• **Aim of the exercise**:
Everything from the first line of the data through the line with "City of Rhodes." is to be echoed exactly, minus the pictures.

• **Task data**:

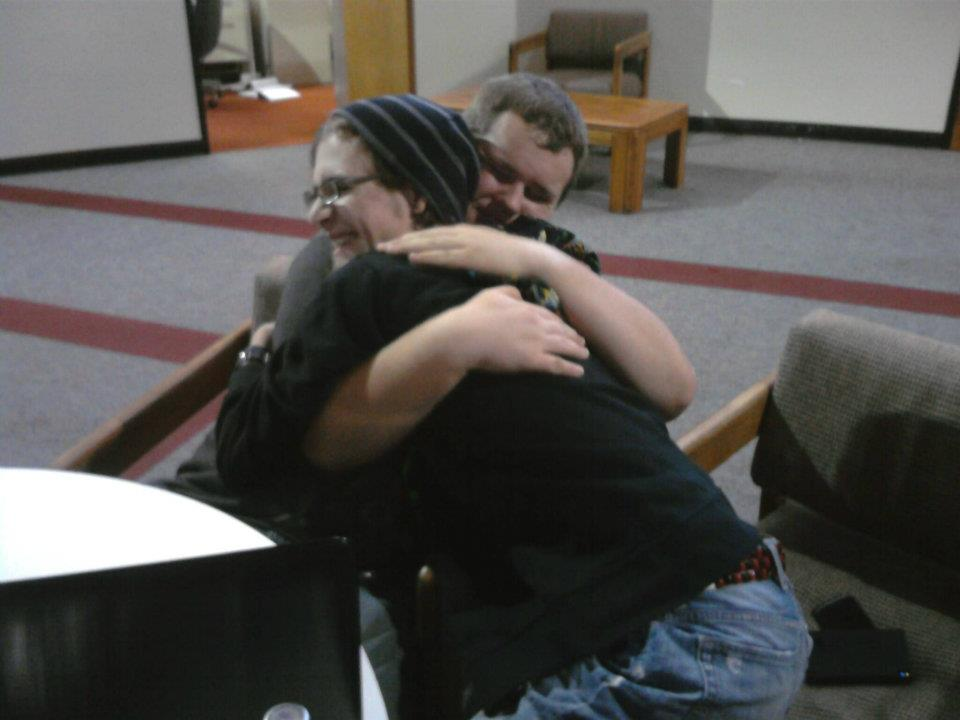 Two people hug in happiness.
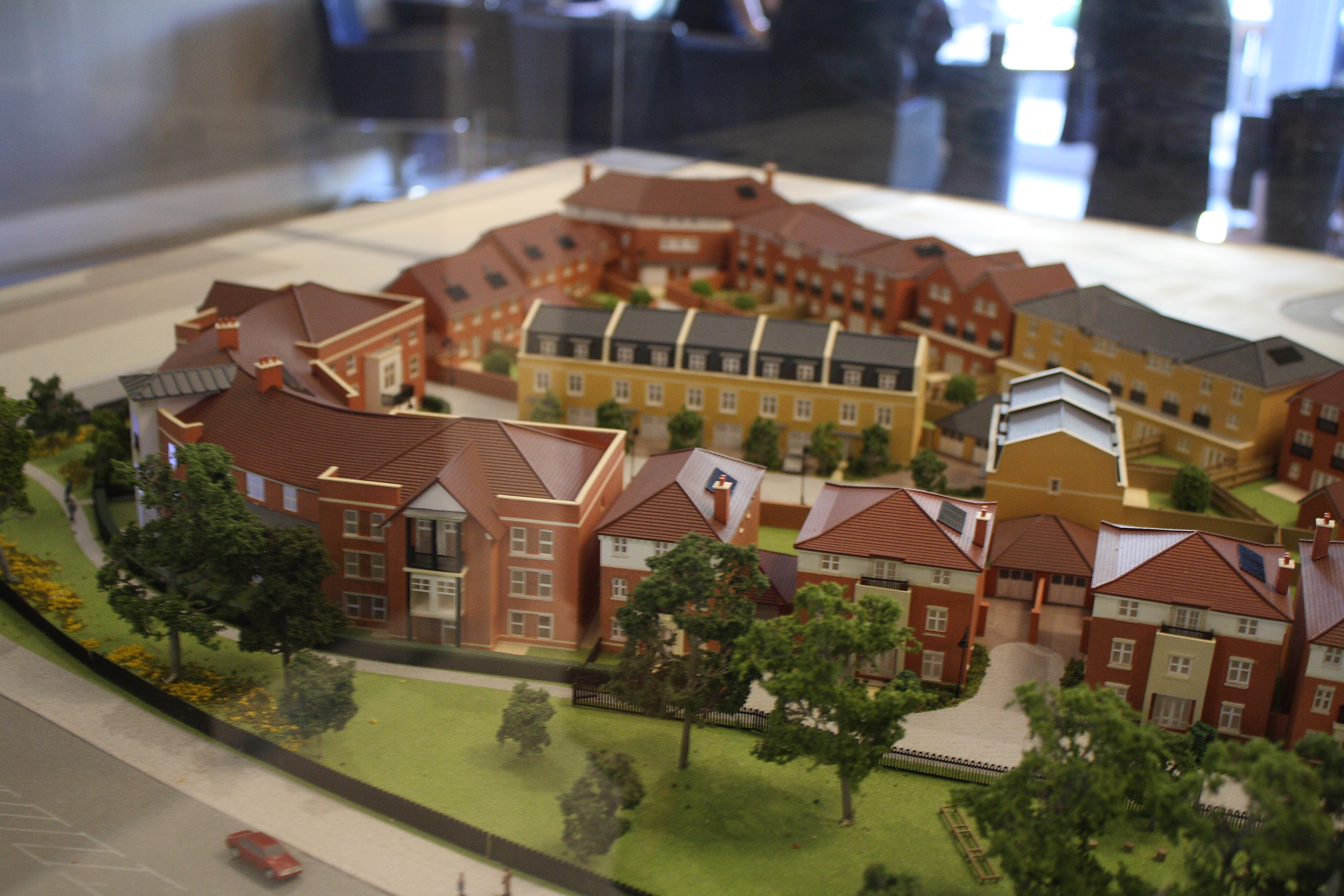 This is the scale model of the Cala Homes development at Ickenham Park. It's being built on top of the former US Naval base RAF West Ruislip, which stood on the site since the 1970s. There's a comprehensive and touching catalogue of the site at the end of it's operation here
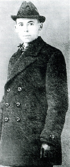 Bruno Topff (1886-1920)
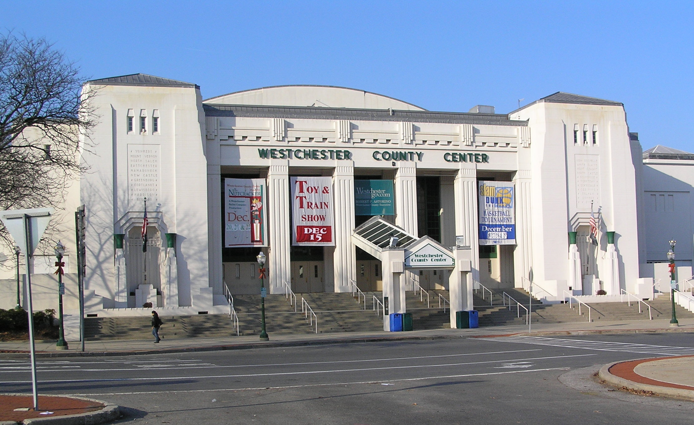 a photograph of the Westchester County Center in White Plains, NY
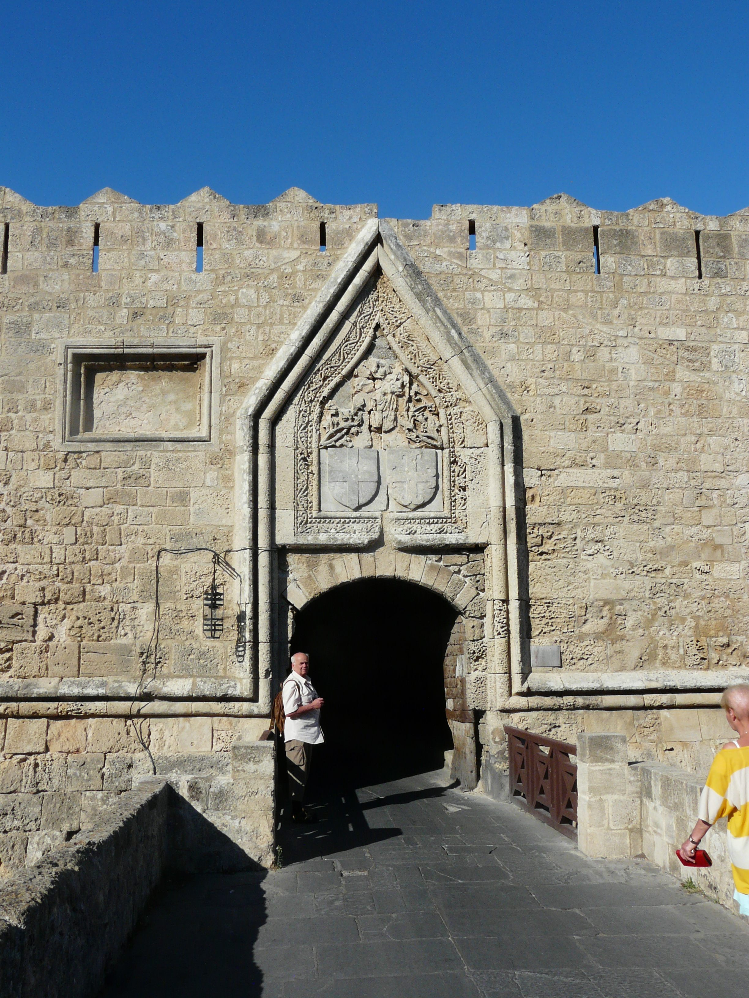 City of Rhodes.
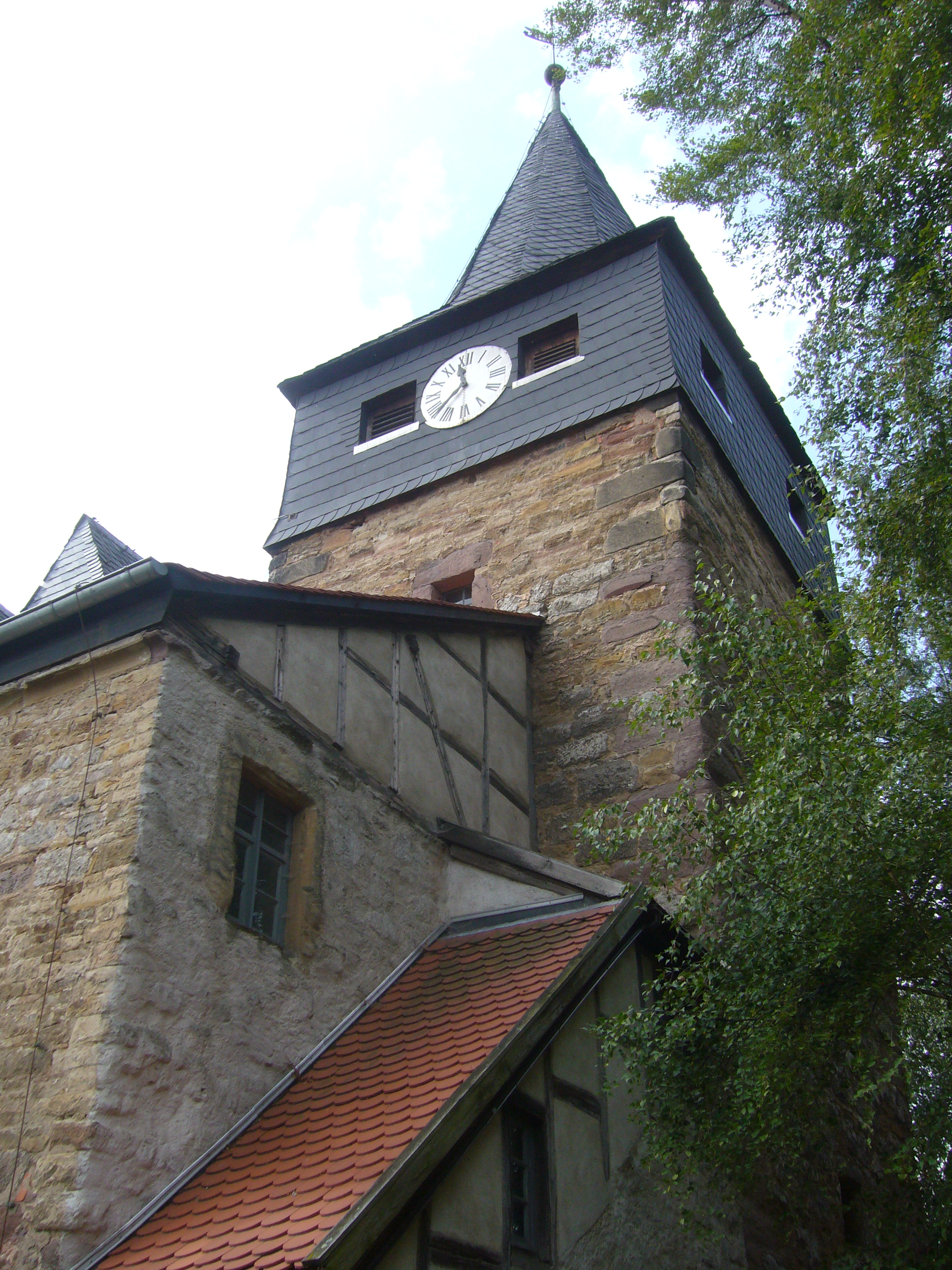 Church in Voigtstedt, Kyffhäuserkreis, Thuringia, Germany
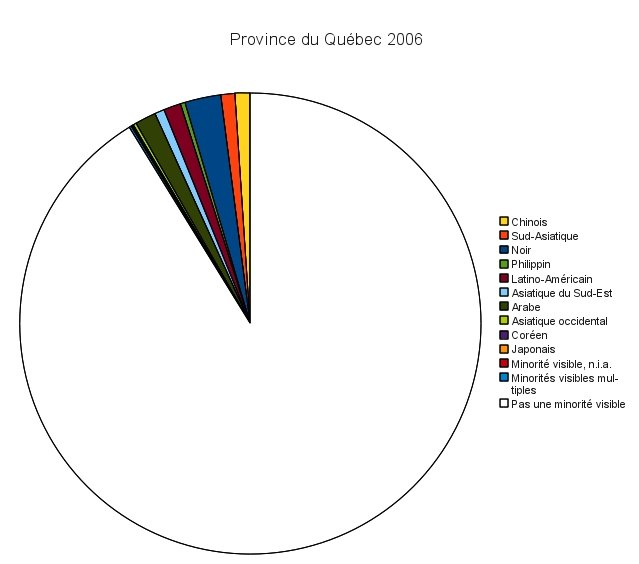 Visible minorities in Quebec
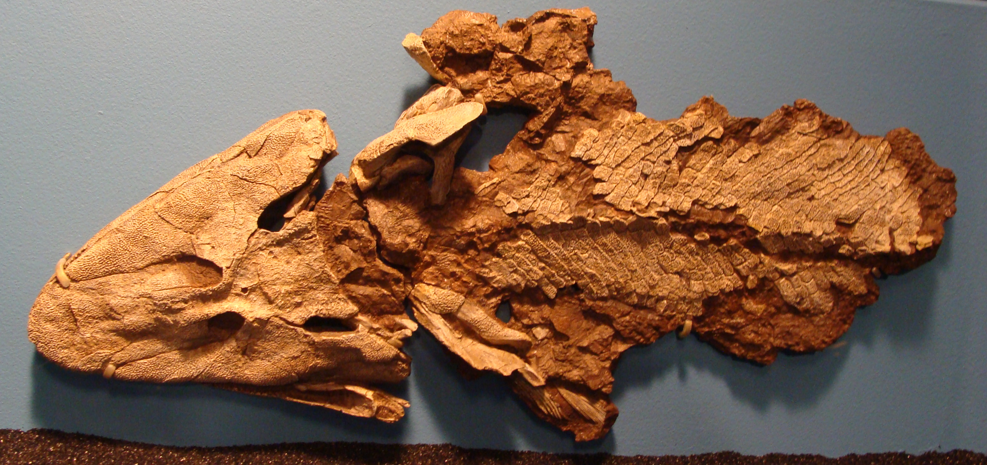 Tiktaalik in the Field Museum, Chicago.
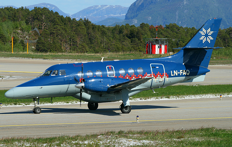 Coast Air
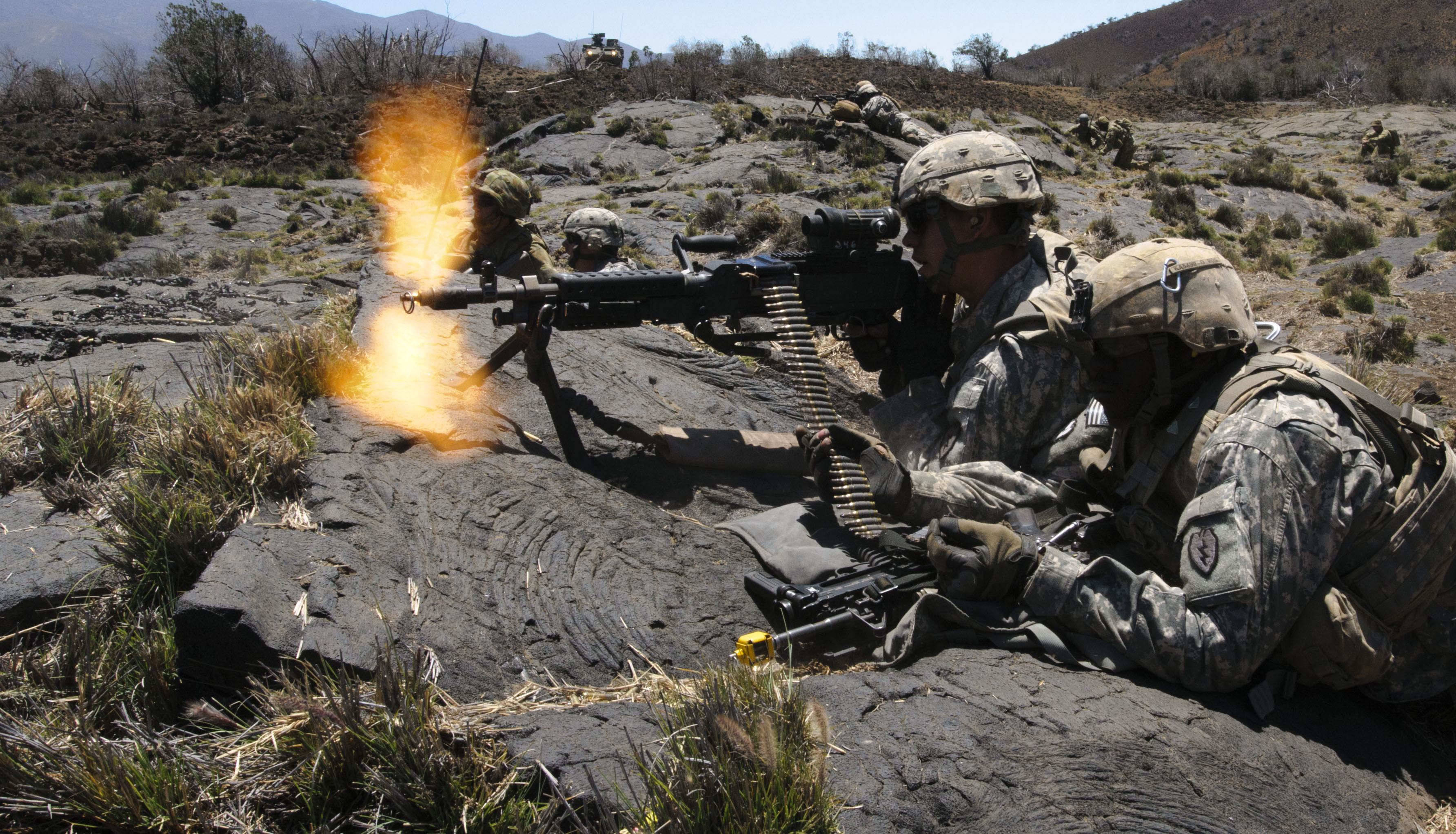 Soldiers from the 1st Battalion, 14th Infantry Regiment, 2nd Brigade Combat Team, 25th Infantry Division, provide suppressive fire on a target during a training exercise at Pohakuloa Training Area on June 6 as part of the Theatre Security Cooperation Program. Blank and Live Fire exercises are a critical part of infantry training, allowing Soldiers to practice infantry tactics in realistic scenarios.
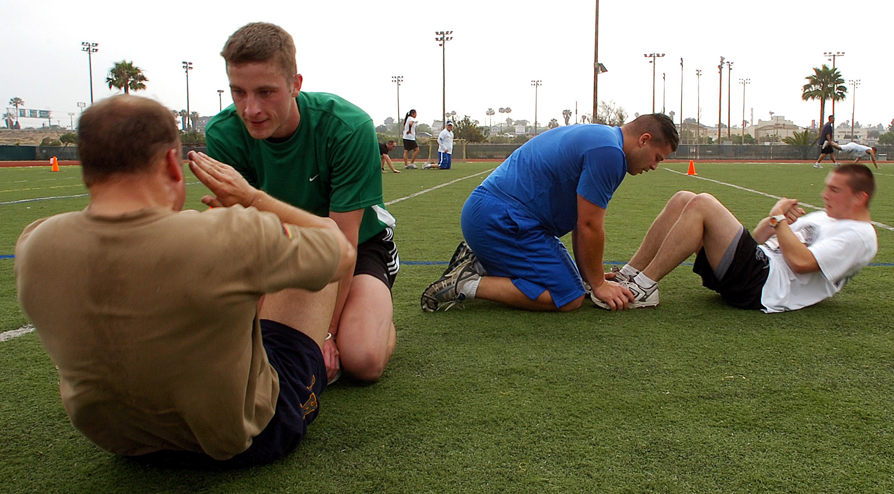 SAN DIEGO (June 15, 2007) - Sailors take turns completing a total of 60 sit-ups during the Naval Base San Diego and Navy Region Southwest Moral, Welfare and Recreation (MWR) 2nd Annual Backyard Fitness Challenge. The event, comprised of two person teams who compete in a 3-mile run, 100-yard wheelbarrow race, 60 push-ups and 60 sit-ups, lets Sailors have fun while still getting a physical workout. U.S. Navy photo by Mass Communication Specialist 2nd Class Stephanie Tigner (RELEASED)
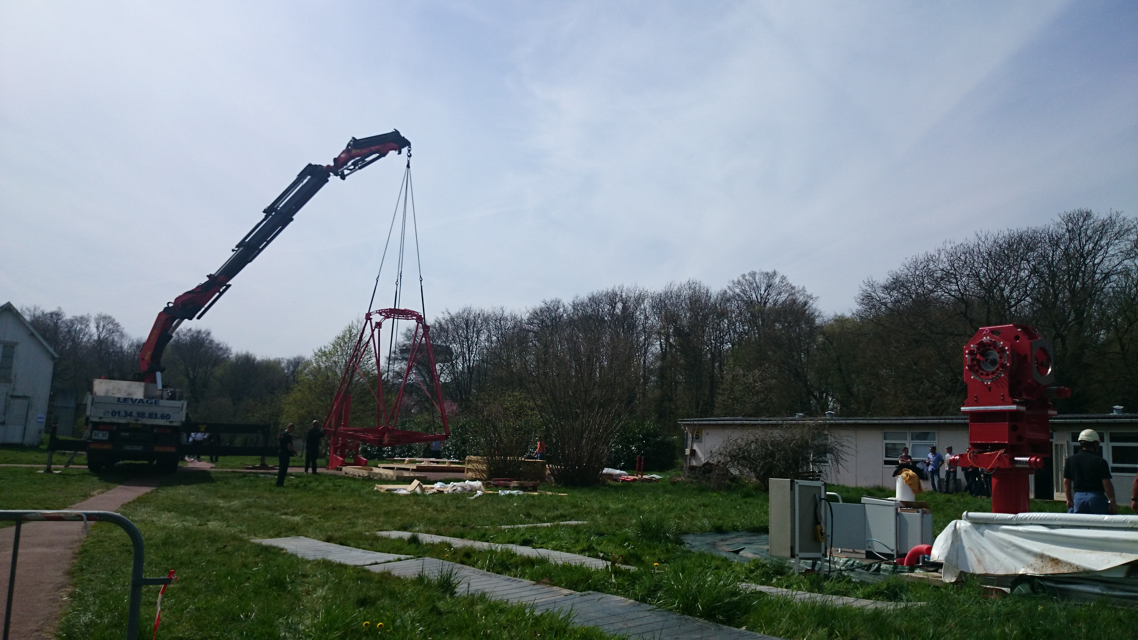 Monture du télescope en cours d'installation à Meudon, Avril 2015

• **Written response**:
 Two people hug in happiness.
 This is the scale model of the Cala Homes development at Ickenham Park. It's being built on top of the former US Naval base RAF West Ruislip, which stood on the site since the 1970s. There's a comprehensive and touching catalogue of the site at the end of it's operation here
 Bruno Topff (1886-1920)
 a photograph of the Westchester County Center in White Plains, NY
 City of Rhodes.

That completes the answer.